If the compound interest received on a certain principal during the 3rd year is Rs. 1,240 at a rate of 9% per annum, what will be the compound interest for the 4th year on the same principal at the same rate?

Difficulty: Medium

Correct Answer: 1351.6

Explanation:


Introduction / Context:
This question uses the pattern of yearly compound interest amounts to find interest in a later year when the interest in an earlier year is known. It highlights the fact that under compound interest, the interest itself grows from year to year at the same rate as the principal.


Given Data / Assumptions:

  • Compound interest in the 3rd year, I3 = Rs. 1,240.
  • Annual interest rate r = 9% per annum.
  • Interest is compounded annually.
  • We must find compound interest in the 4th year, I4.


Concept / Approach:
For a principal P under annual compounding at rate r, the interest in year n is P * r * (1 + r)^(n - 1). This means each year's interest is obtained by multiplying the previous year's interest by (1 + r). Therefore I4 = I3 * (1 + r).

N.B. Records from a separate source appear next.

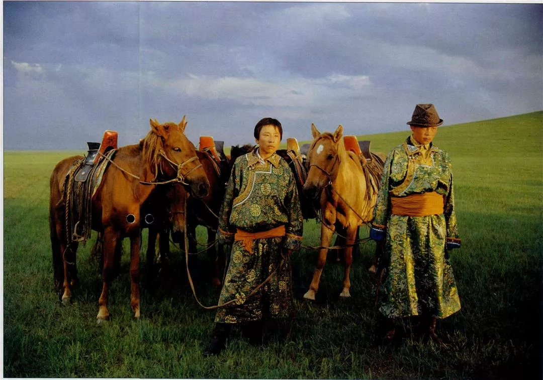 終於來到牧戶家了,已是黃昏六點半,距離約定時間晚了四個鐘頭,而接待的蒙古朋友也等了四、五個鐘頭。沒有一絲不耐的表情,他們等在離家十餘里外,盛裝以馬隊相迎。車、馬相遇,蒙古朋友依蒙古禮節馳馬繞車三周,並一一為客人獻哈達(絲巾)、飲酒歌與馬奶酒。黃昏金色的陽光灑在碧綠的草原,照在蒙古少年紅潤的臉龐,襯上他們豔麗的服裝,簡直就是油畫的景緻,美得好不真實!
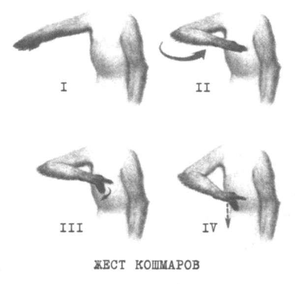 Генри отметил мохнатость рук. Малоприятное перевоплощение в зверей потребует изрядного грима. Согнутая рука подносится к груди, два пальца направлены вниз, затем рука падает. Интересно, почему два пальца?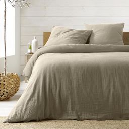 Informations Techniques : Dimensions : Housse de couette : L. 240 x l. 220 cm Taies d'oreiller : L. 63 x l. 63 cm Matière : 100% Gaze de coton Spécificités : Douce & Respirante Parure de lit 3 pièces unicolore Pour 2 personnes Fermeture à pression Contient : 1 housse de couette 2 taies d'oreiller En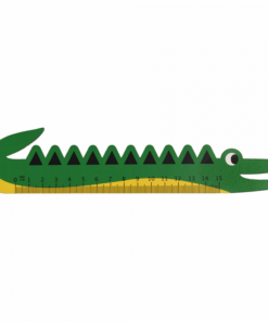 Тази дървена линийка с форма на крокодил е с размери 0-15 сантиметра и включва множество забавни факти за крокодил.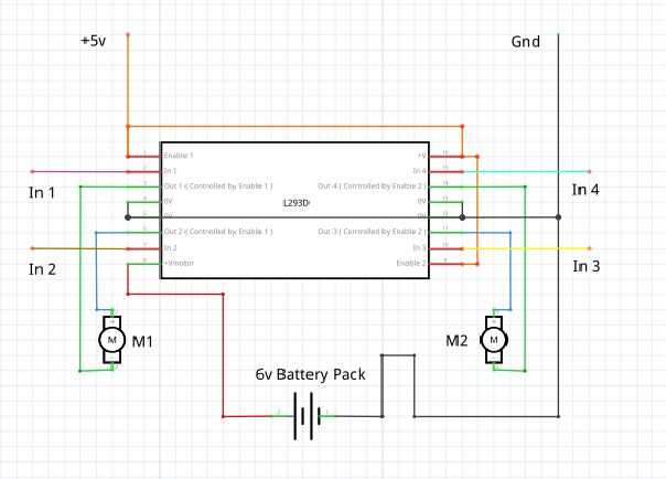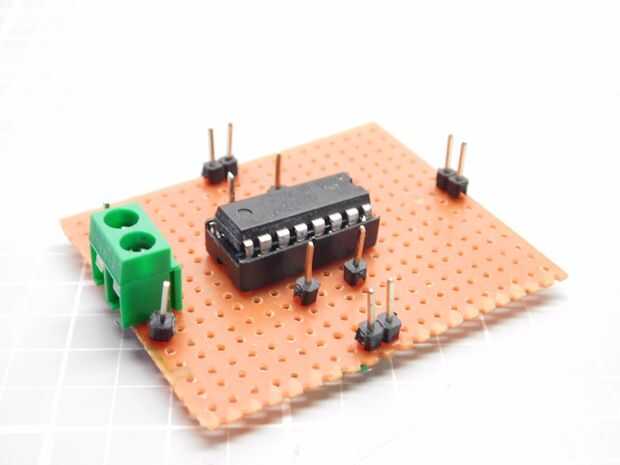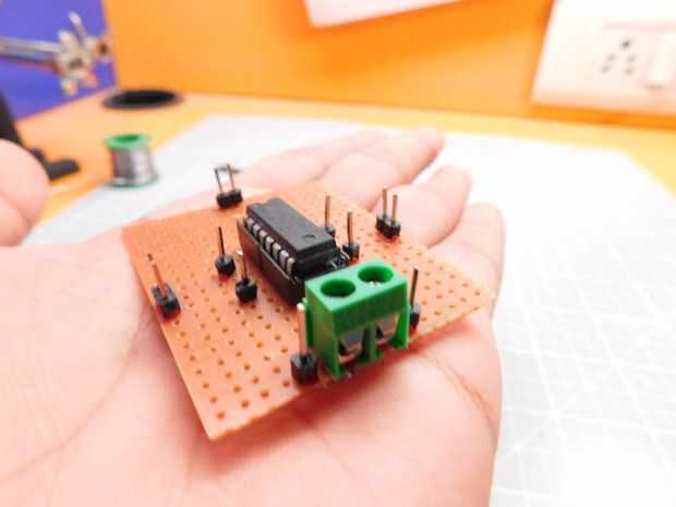 Aparte de la IC, necesita soldar 2 par de cabeceras masculinos, cada uno por un motor. 2 pares más para la señal de entrada para cada motor. Un par de + 5v y Gnd alimentación el IC y por último, un conector de tornillo para la alimentación de los motores. Las dos cabeceras adicionales al lado de la terminal de tornillo son simplemente conectadas a él para obtener una fuente de salida de la batería conectada. Tenga en cuenta que la batería conectada sólo se utilizará para alimentar los dos motores. El controlador IC conseguirá un separado 5v para funcionamiento interno.
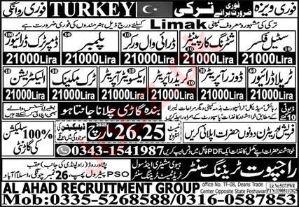 Vacant posts including plumber, electrician, damper truck driver, dozer ioperator, grader operator, dry wall worker, excavator operator, steel fixer, shuttering carpenter, truck mechanic and tralla driver are announced in Al Ahad Recruitment Group Ankara, ankara Turkey as per 24 March 2025 advertisement in daily Express Newspaper. Persons with Middle, Intermediate, DAE and Matric etc. education can apply.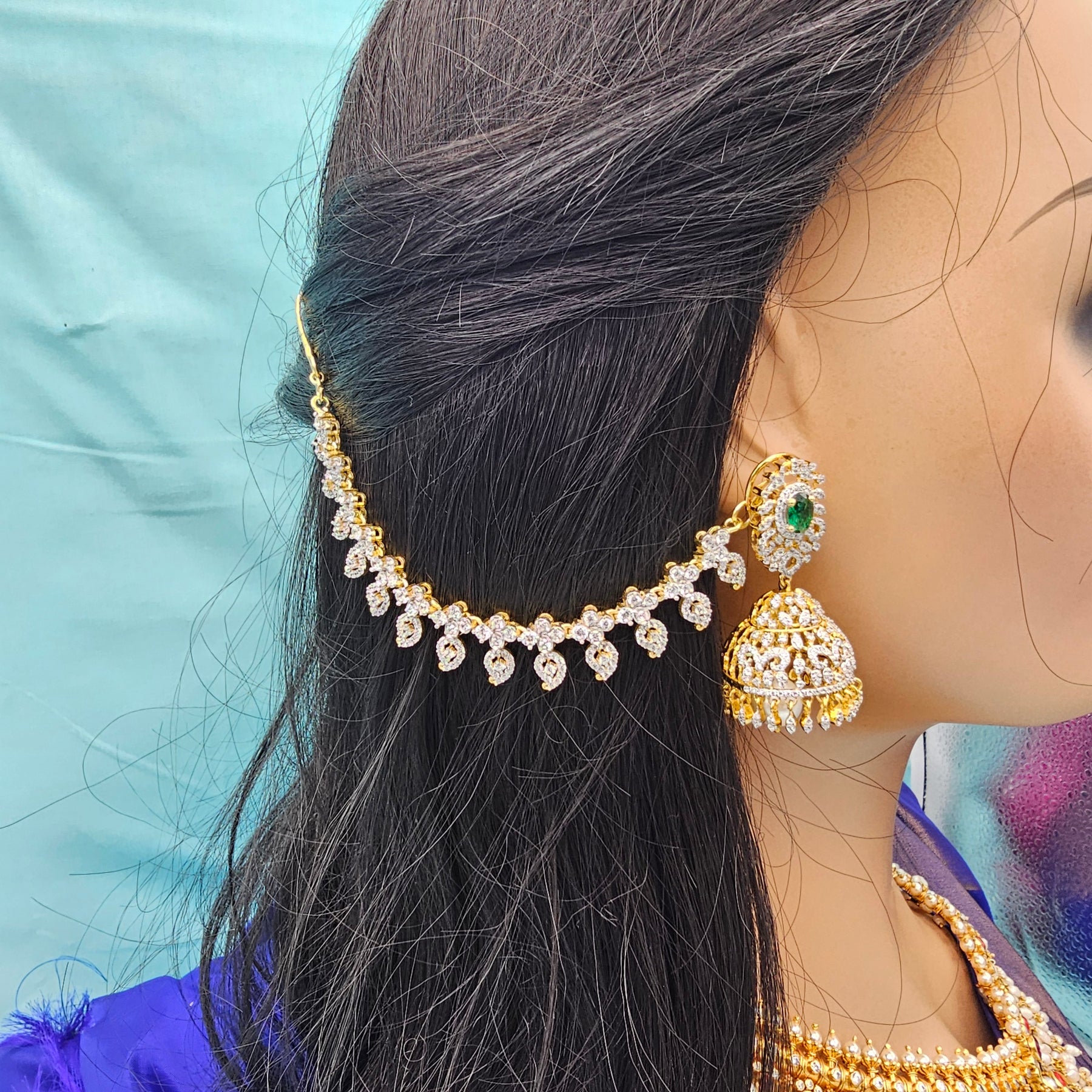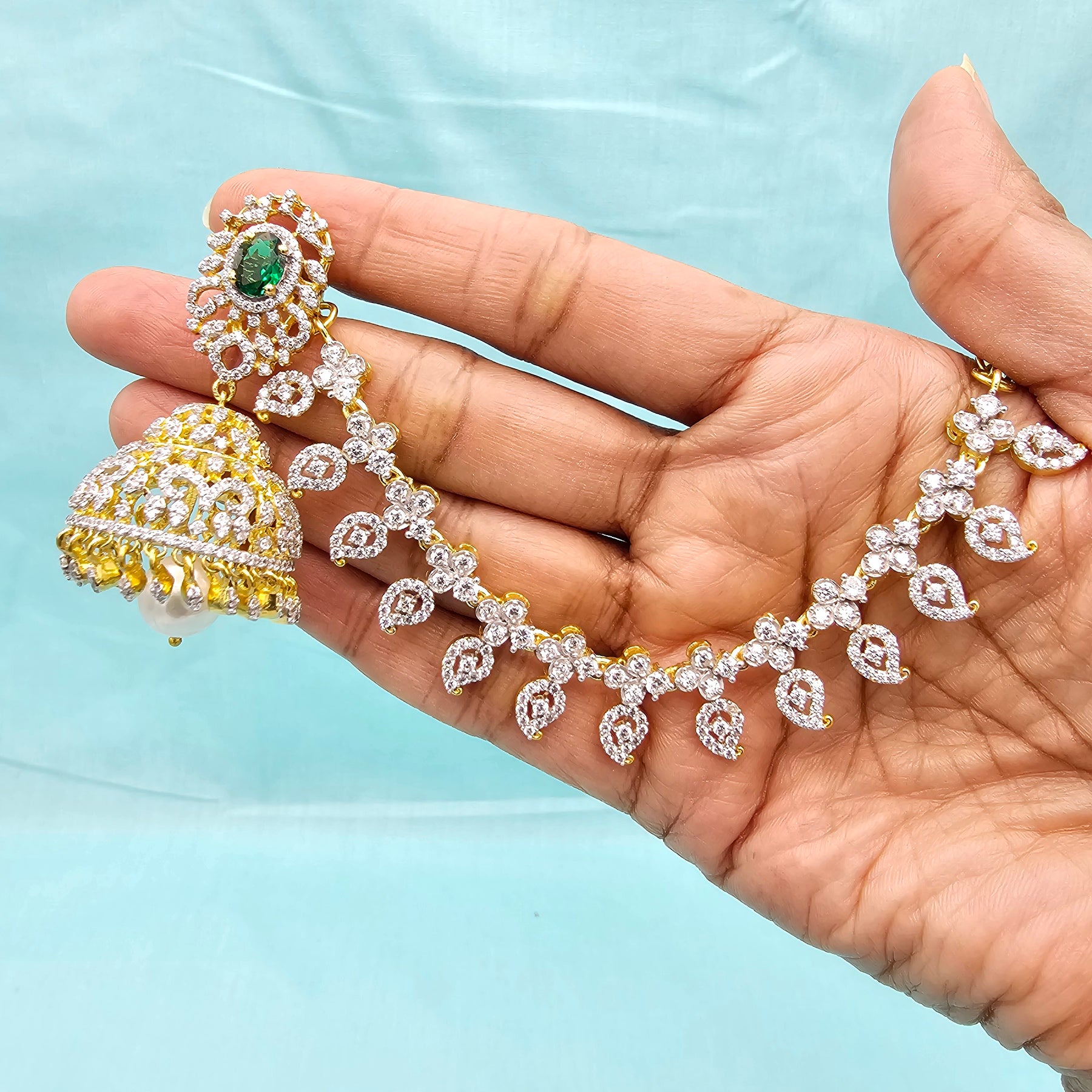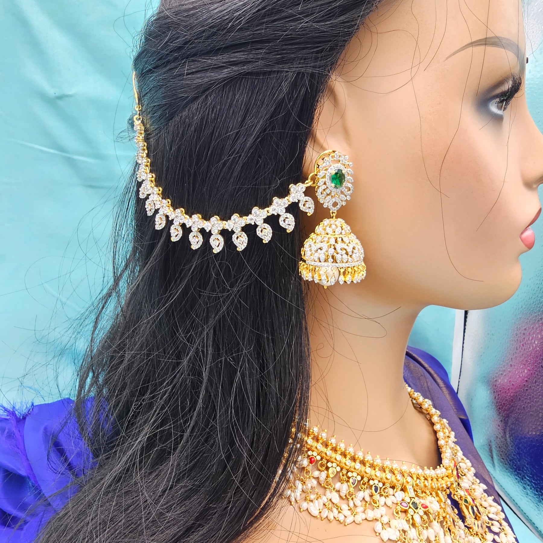 Add a touch of South Indian heritage to your look with these exquisite 92.5 Sterling Silver Pearl Chempaswaralu — traditional temple-style earrings that gracefully hug the ear and dangle with timeless elegance.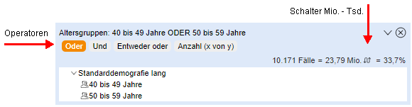 Sobald zwei oder mehr Zielgruppen verknüpft werden, sind die Verknüpfungs-Operatoren direkt aus einer horizontalen Liste wählbar. Der verwendete Operator ist farblich hervorgehoben.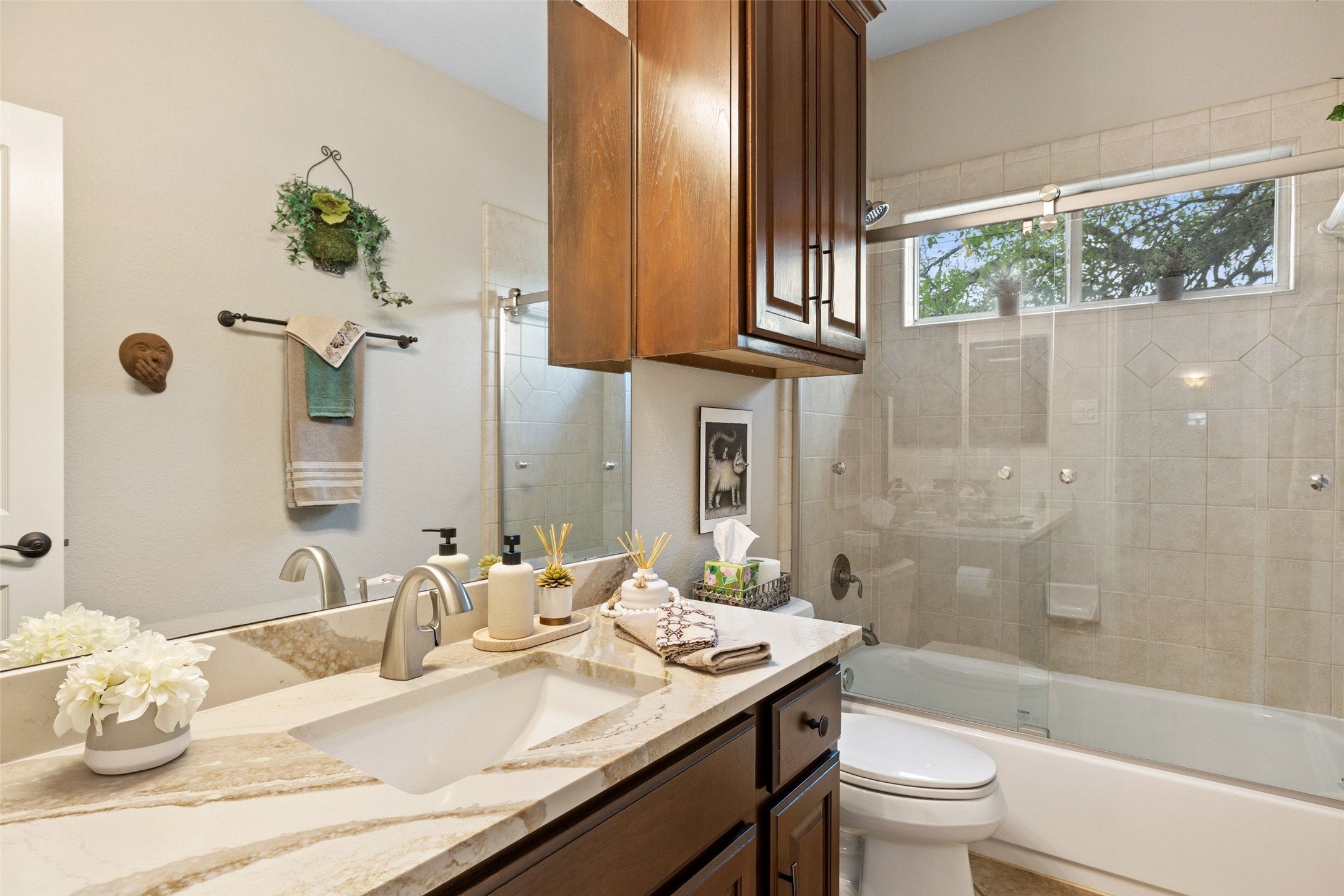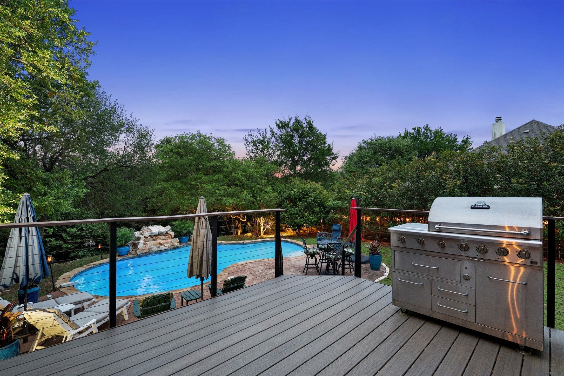 Perfectly positioned between Lake Austin & Lake Travis, two of Austin's premier lakes, meet the Nightingale Retreat, a thoughtfully curated & cherished single-story home in the Canyons of Cardinal Hills, lovingly maintained over the years of ownership & ready to welcome its next chapter. From the moment you arrive, a cozy, quaint & picturesque front porch with a seating area & a long private set-back driveway set a tone of warmth & seclusion, leading to a two-car garage. Inside, a separate front foyer, perfect for a seating area, opens into three distinct living spaces: two separate interior living rooms & a covered outdoor patio complete with flat-screen TV & ceiling fans, serving as a true third living space for those easy, cozy Hill Country evenings. 4 Bed Rm's & 3 Bath span 2,494 sqft of warm, considered living on one graceful single-story level. The primary suite is privately positioned on the left wing, a spa retreat featuring dual vanities, a glass-enclosed walk-in shower with dual shower heads, a soaking tub, spacious walk-in closet & a cozy seating area overlooking lush greenery, while three additional bedrooms offer flexibility for guests or a home office. The main living areas feature a stone floor-to-ceiling fireplace accent wall, hand-scraped hardwood floors, stained concrete, stainless steel appliances, a gas range & finishes chosen with genuine care. Outside, a grotto-style pool with natural rock water feature anchors a resort-style backyard where an expansive deck frames sweeping panoramic Hill Country views & a park-like yard provides enough space to enjoy your own private walking trail, plus a cozy fire pit area at the back perfect for s'mores & campfire stories under the oaks. Minutes from Lake Austin & Lake Travis, top-rated schools, local dining & an exceptional active lifestyle, renowned public & private golf, world-class tennis, boating & yachting & all Austin has to offer. This location is just as exceptional as the home itself. Welcome home.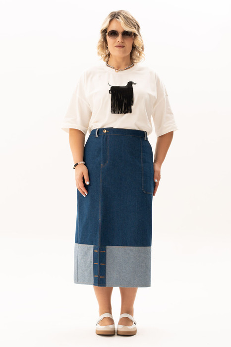 Джинсовая юбка-предмет одежды на все времена,это базовая вещь в гардеробе, которая отлично сочетается с разными стилями и подходит для любого возраста. Эта юбка — воплощение интеллектуального кэжуала. Выполнена из высококачественного джинса - очень приятна к телу. Главные особенности модели: двухцветный дизайн с контрастным светлым подолом, который визуально облегчает силуэт, притачной пояс со шлевками, функциональные накладные карманы и оригинальная застежка-гульфик, смещенная в сторону. Асимметричная планка с пуговицами и смещенная вправо застежка добавляют образу динамики и делают привычный деним ультрамодным. Юбка предназначена для создания разных силуэтов и позволяет экспериментировать с образами. Благодаря высокой посадке, она идеально садится по фигуре. Отлично подходит для работы, прогулок или вечернего выхода. Идеальный выбор для тех, кто ищет базу с характером. Юбка подходит, как к нарядной блузой под каблучок, так и под спортшик , кеды и высокие сапоги.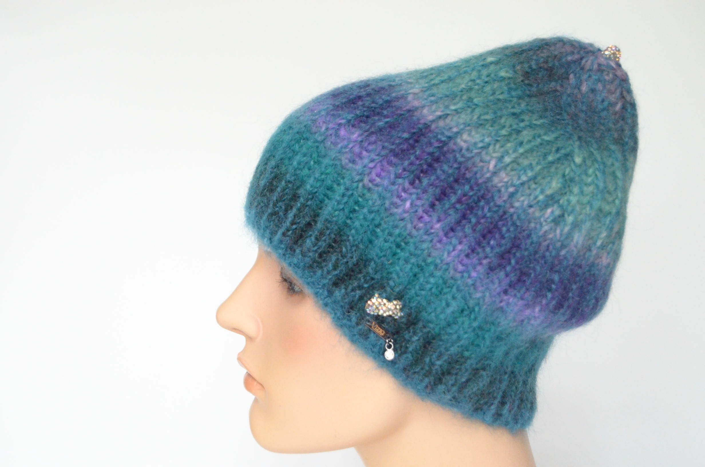 Разноцветная зимняя шапка женская одинарная теплая мятно - лиловая зима 2023 - 2024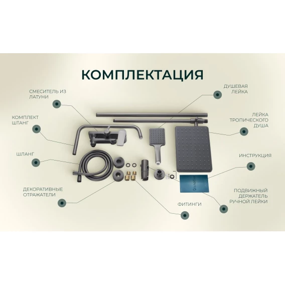 Аэратор, Металлическая розетка, Эксцентрики, Душевой шланг, Душевая лейка, Держатель для душевой лейки, Смеситель, Кронштейн, Штанга душевая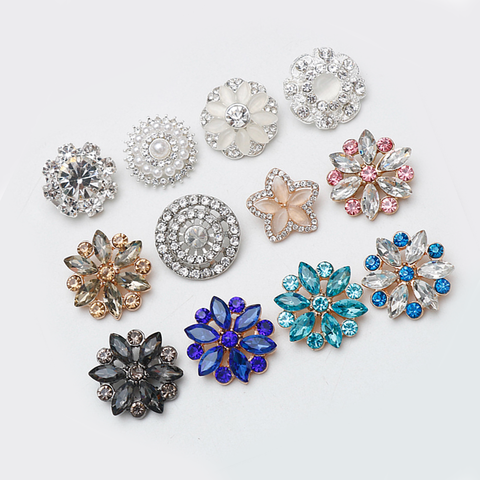 Venda quente Personalizado Liga de metal Strass Botão de cristal botão de Strass botões de flores de strass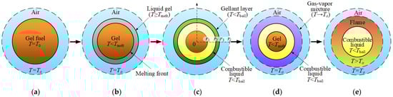 A typical process of burning gel fuel (Figure 2) in practice consists of six main stages [45,112,113,114,115], which successively replace each other: (1) storage; (2) moving from the fuel tank to the transport channel; (3) movement along the fuel pipeline (mainly through pipelines); (4) atomization (or dispersion); (5) movement of fuel fragments (particles or drops) in the combustion chamber; (6) melting, evaporation and combustion of fuel. Storage is the longest period during which the gel fuel causes the least intake due to gravity.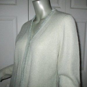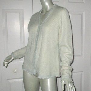 White + Warren mohair blend cardigan sweater in a lovely shade of palest celery green. Contrasting full lining in ivory. It features frayed details, and a hook-and-eye front. Excellent condition - worn only a couple of times. Dry clean only.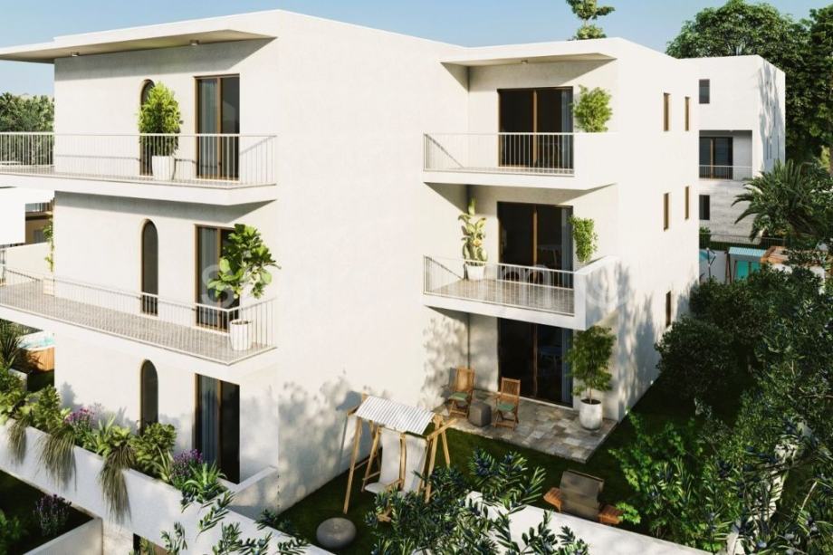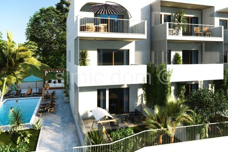 Na prodaju je odličan mali apartman smješten na sjevernom dijelu Čiova, svega 100m od plaže, restorana i kafića. Apartman se nalazi u prizemlju manje zgrade koja će biti idealan spoj dalmatinskog ugođaja i modernog dizajna. Radi se o apartmanu ukupne neto površine 61,56 m2 s pripatcima. Unutarnja površina apartmana je 42,22 m2 te ima još približno 15 m2 terase i 120 m2 vrta. Apartman se sastoji od dnevnog dijela u sklopu kojeg je kuhinja, spavaća soba i kupaonica. Pripada mu i garažno mjesto uključeno u cijenu. Vlasnici imaju na korištenje zajednički bazen. Apartman se prodaje po principu ključ u ruke, s opremljenom kupaonicom, podnim grijanjem u kupaonici, unutarnjom stolarijom, ugrađenim klima uređajem, PVC vanjskom stolarijom, troslojnom kliznom stijenom. Očekivano završetak radova je kraj 2026.godine i kupac ima mogućnost biranja pločica i materijala, kao i mogućnost dodatnog postavljanja podnog grijanja u ostatku apartmana u dogovoru sa investitorom. Budući da se zgrada nalazi u neposrednoj blizini svih sadržaja, a opet u vrlo mirnoj ulici, ova odlična nekretnina pružiti će kupcima idealni spoj u šarmantnom malom apartmanu u novogradnji.
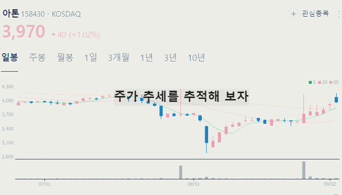 개인적으로 큰 상승이 기대되는 아톤 주가는 2024년 9월 3일 기준 3970원입니다.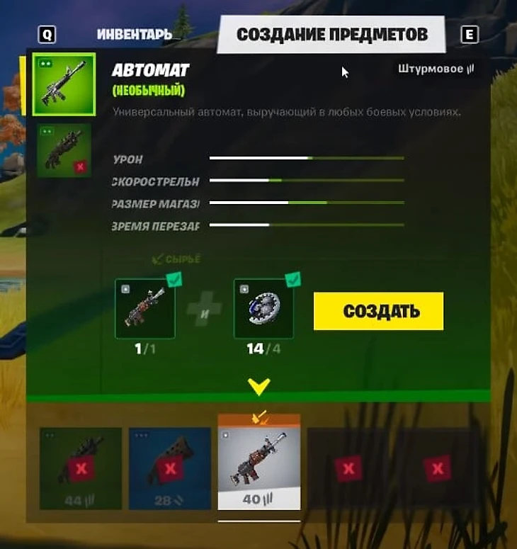 После получения запчастей найдите на карте оружие с обычной редкостью.

Using this relation avoids solving for the principal directly and provides a clean shortcut for this type of problem.


Step-by-Step Solution:
Step 1: Recognize that interest each year forms a geometric sequence under compound interest.Step 2: If I3 is the interest in year 3, then interest in year 4 is I4 = I3 * (1 + r).Step 3: Here I3 = 1,240 and r = 9% = 0.09.Step 4: Compute 1 + r = 1 + 0.09 = 1.09.Step 5: Multiply: I4 = 1,240 * 1.09.Step 6: I4 = 1,240 * 1.09 = 1,351.6 rupees.


Verification / Alternative check:
If needed, we can reconstruct the principal P from the third year interest. Since I3 = P * r * (1 + r)^2, we can solve for P and then compute interest in the 4th year as P * r * (1 + r)^3. However, because multiplying I3 by (1 + r) produces exactly the same result, doing the longer method will give I4 = 1,351.6 as well, confirming that our direct shortcut and the more detailed method agree.


Why Other Options Are Wrong:

  • 1245.6: This is only slightly greater than the third year interest and corresponds to a much lower effective growth than 9%.
  • 1521.6: This is too large; it would imply a higher rate than 9% when compared to the third year interest.
  • 1220.6: This is actually less than 1,240 and would suggest a negative or very low effective growth, which contradicts the 9% interest rate.


Common Pitfalls:
Students sometimes mistakenly add 9% of the original principal to the third year interest instead of applying 9% to the third year amount itself. Others confuse simple and compound interest and treat all yearly interest amounts as equal. It is important to remember that under compound interest, each year's interest grows by the same factor (1 + r) as the amount, so interest values form a geometric progression.


Final Answer:
The compound interest for the 4th year is 1351.6 rupees.